INPUT DATA ->
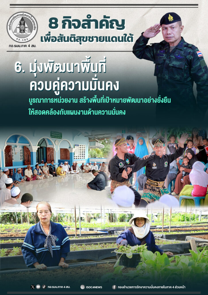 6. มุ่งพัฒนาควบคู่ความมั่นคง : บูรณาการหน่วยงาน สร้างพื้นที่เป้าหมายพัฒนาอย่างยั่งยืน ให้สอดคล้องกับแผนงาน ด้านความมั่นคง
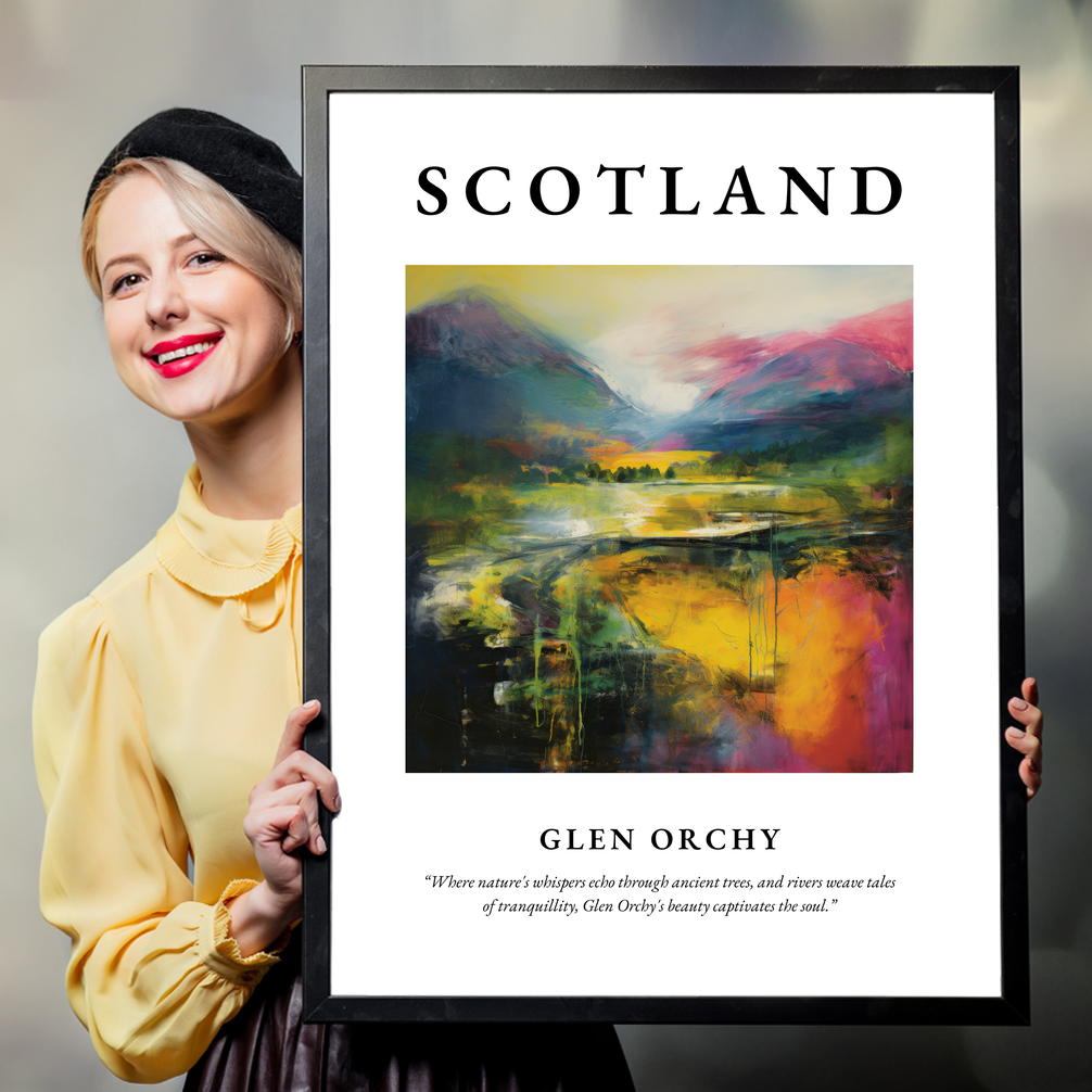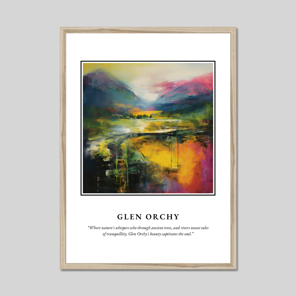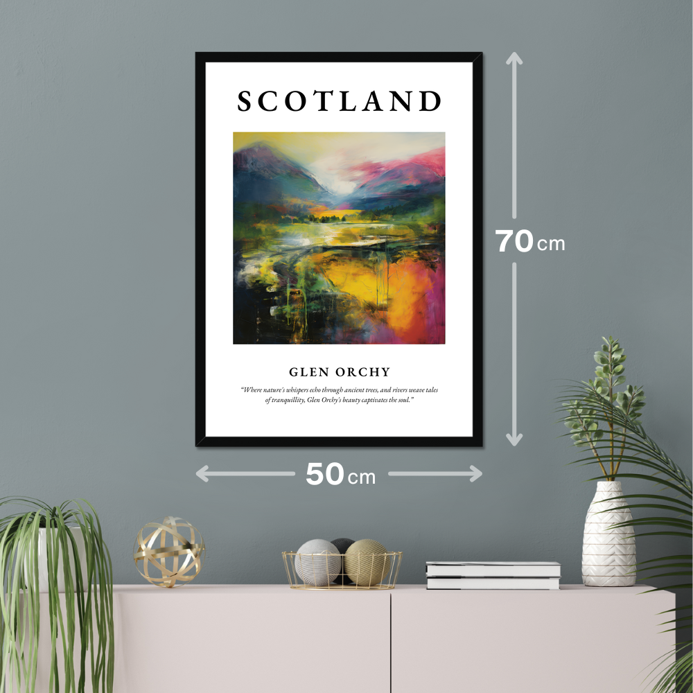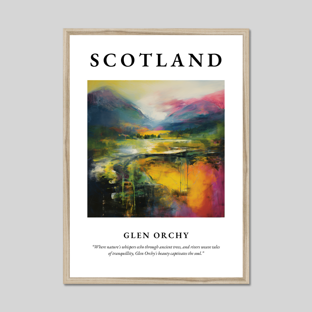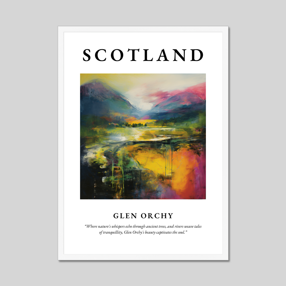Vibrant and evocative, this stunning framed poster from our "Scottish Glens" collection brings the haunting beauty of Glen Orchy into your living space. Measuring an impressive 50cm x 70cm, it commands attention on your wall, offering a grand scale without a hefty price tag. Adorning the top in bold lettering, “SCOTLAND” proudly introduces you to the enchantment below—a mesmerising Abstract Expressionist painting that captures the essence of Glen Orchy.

--

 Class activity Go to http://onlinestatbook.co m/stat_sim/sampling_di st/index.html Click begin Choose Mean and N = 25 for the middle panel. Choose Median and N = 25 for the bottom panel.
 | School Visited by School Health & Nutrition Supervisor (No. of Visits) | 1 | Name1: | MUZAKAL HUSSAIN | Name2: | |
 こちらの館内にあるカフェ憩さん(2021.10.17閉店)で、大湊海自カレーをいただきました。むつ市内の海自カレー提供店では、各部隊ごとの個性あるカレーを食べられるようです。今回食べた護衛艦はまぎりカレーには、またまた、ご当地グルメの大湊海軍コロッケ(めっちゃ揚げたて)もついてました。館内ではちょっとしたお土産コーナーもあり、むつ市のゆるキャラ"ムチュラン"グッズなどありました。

TASK TO COMPLETE -> In the material above, transcribe exactly the lines beginning at the one with "Class activity Go" and ending at the one with "こちらの館内にあるカフェ憩さ", both included.

SOLUTION FOR THIS EXERCISE ->
 Class activity Go to http://onlinestatbook.co m/stat_sim/sampling_di st/index.html Click begin Choose Mean and N = 25 for the middle panel. Choose Median and N = 25 for the bottom panel.
 | School Visited by School Health & Nutrition Supervisor (No. of Visits) | 1 | Name1: | MUZAKAL HUSSAIN | Name2: | |
 こちらの館内にあるカフェ憩さん(2021.10.17閉店)で、大湊海自カレーをいただきました。むつ市内の海自カレー提供店では、各部隊ごとの個性あるカレーを食べられるようです。今回食べた護衛艦はまぎりカレーには、またまた、ご当地グルメの大湊海軍コロッケ(めっちゃ揚げたて)もついてました。館内ではちょっとしたお土産コーナーもあり、むつ市のゆるキャラ"ムチュラン"グッズなどありました。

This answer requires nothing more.